Divergence Backtest Strategy
The Divergence Backtest Strategy is a specialized backtesting mode that simulates trading based on disagreements between PulseGrid's parametric signal and market consensus, rather than PG score thresholds alone.
How It Works
1. The engine scans historical data for periods where PG Signal and Market Signal diverge
2. When PG says Buy but Market says Sell (or vice versa), a trade is initiated following PG's direction
3. The trade is held until the divergence resolves (signals converge) or a stop-loss/take-profit is triggered
4. Performance metrics are computed across all divergence-based trades
Strategy Configuration
| Parameter | Description | Default |
|---|---|---|
| Strategy Mode | Select "Divergence" to enable this mode | PG Score |
| Min Severity | Minimum divergence severity to trigger trades (1=minor, 2=moderate, 3=significant) | 1 (all) |
| Stop Loss | Maximum loss per trade before forced exit | 5% |
| Take Profit | Target profit per trade for automatic exit | 15% |
| Position Sizing | How capital is allocated across positions | Score-weighted |
Divergence Analytics Tab
When viewing results from a divergence backtest, a dedicated "Divergence" tab appears with:
- Total Divergences Detected: How many divergence events occurred in the backtest period
- Divergences Traded On: How many met the minimum severity threshold
- Divergence Win Rate: Percentage of divergence-based trades that were profitable
- Avg Divergence Return: Mean return per divergence trade
- Breakdown by Severity: Win rate and average return for minor, moderate, and significant divergences
- Top Divergence Trades: The most notable individual trades with entry details and outcomes
Interpreting Results
A positive divergence win rate above 55% suggests that PG's contrarian signals have genuine predictive value.
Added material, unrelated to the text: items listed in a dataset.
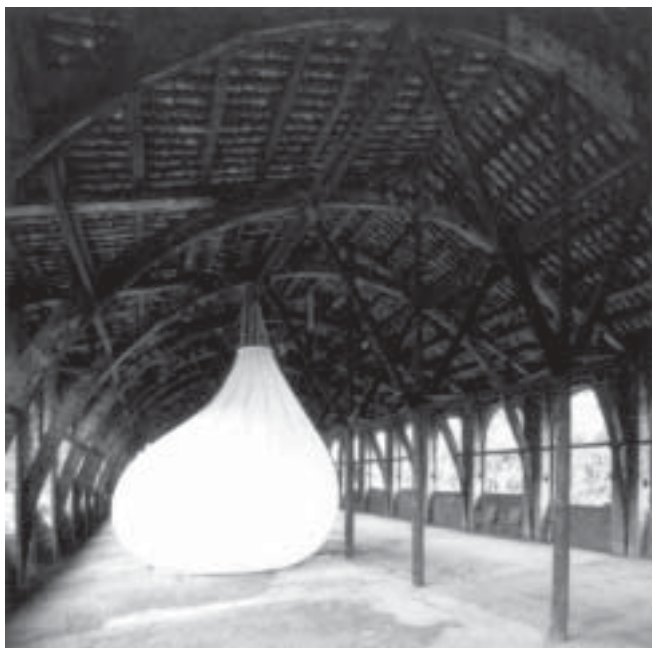
Tendopoli informatica - Cittadellarte, Biella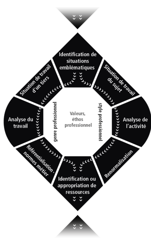
FIGURE 1: MODELE DE DIDACTIQUE PROFESSIONNELLE PAR ALTERNANCE ET SITUATION

Le modèle de didactique professionnelle par alternance et situation (DPAS) (Gremion, 2021b) se construit autour de 3 axes :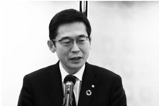
開会の辞を述べる全原連石川副理事長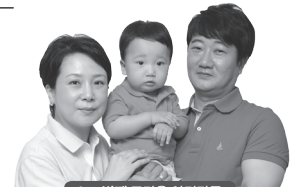
977번째 조가온 아기가족

생애첫기부는 사랑스럽고 소중한 아이의 기념일에 잔치를 열어주는 대신 그 비용을 고스란히 아프리카·아시아의 빈곤한 친구들과 국내의 백혈병·난치병으로 고통받고 있는 또래 친구들에게 전달하는 행복한 나눔입니다.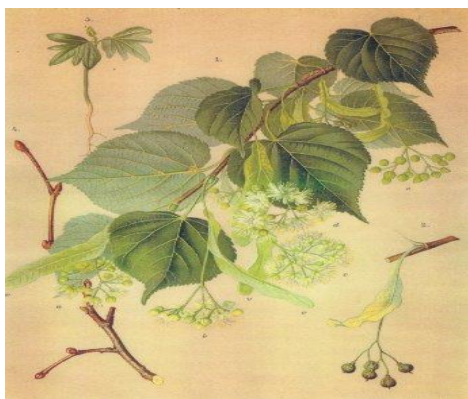
Slika 5 Tilia cordata Mill., sitnolisna lipa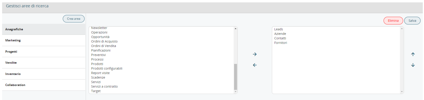
Schermata di scelta, modifica o creazione Aree

La tipologia di testo inserito, qualora non fosse presente all'interno di tutti i filtri usati dall'utente, non darà alcun risultato nella ricerca. Ad esempio, se ricerchiamo un indirizzo email e il campo non è presente in nessuna colonna di nessun filtro, vtenext non troverà il dato inserito.

Compare the divergence strategy's Sharpe ratio against the standard PG Score strategy to determine whether divergence-based trading adds risk-adjusted value.
Validation with Accuracy Tracker
The Accuracy Tracker page provides a complementary view by aggregating divergence outcomes across all instruments without simulating actual trades. Use both tools together for a comprehensive assessment of PG's predictive accuracy.